:: Task inputs ::

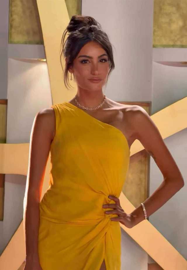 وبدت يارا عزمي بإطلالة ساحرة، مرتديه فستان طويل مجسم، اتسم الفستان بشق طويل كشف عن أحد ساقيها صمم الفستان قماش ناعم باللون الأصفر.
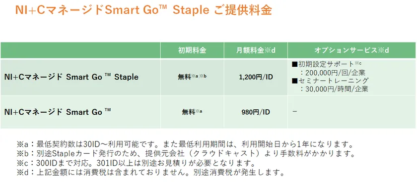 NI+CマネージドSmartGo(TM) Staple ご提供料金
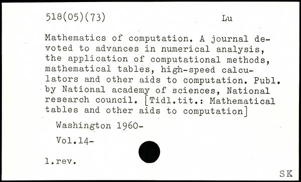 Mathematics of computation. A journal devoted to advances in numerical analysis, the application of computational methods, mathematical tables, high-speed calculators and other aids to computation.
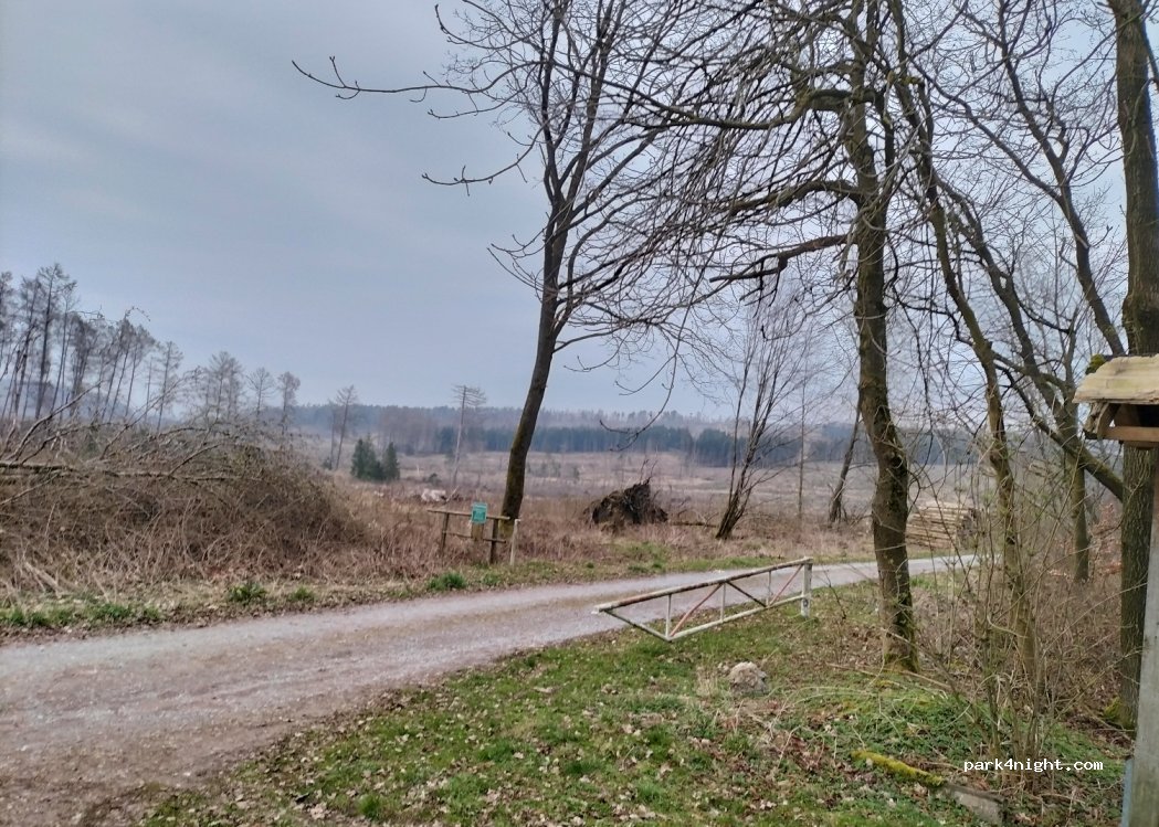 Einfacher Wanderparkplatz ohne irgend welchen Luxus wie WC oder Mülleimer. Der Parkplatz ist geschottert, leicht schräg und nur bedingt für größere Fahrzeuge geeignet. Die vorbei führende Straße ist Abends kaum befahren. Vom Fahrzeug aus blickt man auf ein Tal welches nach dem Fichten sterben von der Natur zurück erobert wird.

:::
:: Task inputs ::

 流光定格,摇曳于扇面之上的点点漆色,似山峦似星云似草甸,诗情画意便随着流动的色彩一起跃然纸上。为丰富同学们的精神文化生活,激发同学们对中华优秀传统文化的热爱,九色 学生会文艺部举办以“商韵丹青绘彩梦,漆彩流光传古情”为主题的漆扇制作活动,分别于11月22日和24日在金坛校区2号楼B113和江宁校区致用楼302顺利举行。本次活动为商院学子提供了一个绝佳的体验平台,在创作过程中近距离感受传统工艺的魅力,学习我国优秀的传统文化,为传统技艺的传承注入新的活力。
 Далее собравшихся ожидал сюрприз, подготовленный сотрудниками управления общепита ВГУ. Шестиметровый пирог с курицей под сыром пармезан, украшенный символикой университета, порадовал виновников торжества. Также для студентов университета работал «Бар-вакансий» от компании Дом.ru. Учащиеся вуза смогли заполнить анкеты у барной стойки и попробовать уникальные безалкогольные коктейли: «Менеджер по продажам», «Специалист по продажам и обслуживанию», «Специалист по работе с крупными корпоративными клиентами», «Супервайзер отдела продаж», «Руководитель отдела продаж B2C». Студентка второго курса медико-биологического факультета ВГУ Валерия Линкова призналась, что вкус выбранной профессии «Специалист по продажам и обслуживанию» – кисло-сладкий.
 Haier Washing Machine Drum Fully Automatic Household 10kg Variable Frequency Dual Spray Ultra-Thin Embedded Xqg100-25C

:::
:: Task inputs ::

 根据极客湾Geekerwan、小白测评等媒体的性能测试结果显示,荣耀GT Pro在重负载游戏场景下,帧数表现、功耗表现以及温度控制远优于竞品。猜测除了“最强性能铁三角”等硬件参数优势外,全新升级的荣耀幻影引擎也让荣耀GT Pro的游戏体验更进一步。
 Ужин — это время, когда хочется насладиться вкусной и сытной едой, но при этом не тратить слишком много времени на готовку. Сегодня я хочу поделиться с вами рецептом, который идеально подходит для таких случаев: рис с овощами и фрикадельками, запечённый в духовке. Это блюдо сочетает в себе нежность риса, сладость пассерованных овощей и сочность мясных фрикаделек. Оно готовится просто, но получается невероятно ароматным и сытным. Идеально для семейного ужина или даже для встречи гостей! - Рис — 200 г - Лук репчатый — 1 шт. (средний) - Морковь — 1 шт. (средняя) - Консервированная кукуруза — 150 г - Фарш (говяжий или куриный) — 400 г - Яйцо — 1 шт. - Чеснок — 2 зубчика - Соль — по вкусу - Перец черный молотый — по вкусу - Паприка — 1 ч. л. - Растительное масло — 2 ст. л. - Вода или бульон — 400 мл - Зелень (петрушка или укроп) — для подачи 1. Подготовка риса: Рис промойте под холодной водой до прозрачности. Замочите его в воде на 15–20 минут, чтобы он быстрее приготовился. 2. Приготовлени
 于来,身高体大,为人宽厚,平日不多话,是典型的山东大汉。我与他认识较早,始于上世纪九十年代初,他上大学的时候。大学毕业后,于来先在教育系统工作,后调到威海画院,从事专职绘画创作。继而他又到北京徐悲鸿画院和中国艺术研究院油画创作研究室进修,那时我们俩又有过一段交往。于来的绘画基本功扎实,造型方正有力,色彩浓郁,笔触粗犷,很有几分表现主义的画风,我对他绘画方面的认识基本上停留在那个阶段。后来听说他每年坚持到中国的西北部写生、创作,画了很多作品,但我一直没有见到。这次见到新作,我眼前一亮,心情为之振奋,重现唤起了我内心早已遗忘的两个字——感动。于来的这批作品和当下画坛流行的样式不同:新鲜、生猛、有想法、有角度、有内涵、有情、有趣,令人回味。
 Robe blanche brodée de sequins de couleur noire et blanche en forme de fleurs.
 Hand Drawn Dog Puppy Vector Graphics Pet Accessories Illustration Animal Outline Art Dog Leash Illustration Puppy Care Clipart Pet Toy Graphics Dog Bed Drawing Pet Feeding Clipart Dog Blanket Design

:::

What you will do
Make an exact copy of the lines above, beginning with the line with "Mathematics of computation." and ending with the line with "Einfacher Wanderparkplatz ohne", and keep the pictures out of it.

Response to the task
 Mathematics of computation. A journal devoted to advances in numerical analysis, the application of computational methods, mathematical tables, high-speed calculators and other aids to computation.
 Einfacher Wanderparkplatz ohne irgend welchen Luxus wie WC oder Mülleimer. Der Parkplatz ist geschottert, leicht schräg und nur bedingt für größere Fahrzeuge geeignet. Die vorbei führende Straße ist Abends kaum befahren. Vom Fahrzeug aus blickt man auf ein Tal welches nach dem Fichten sterben von der Natur zurück erobert wird.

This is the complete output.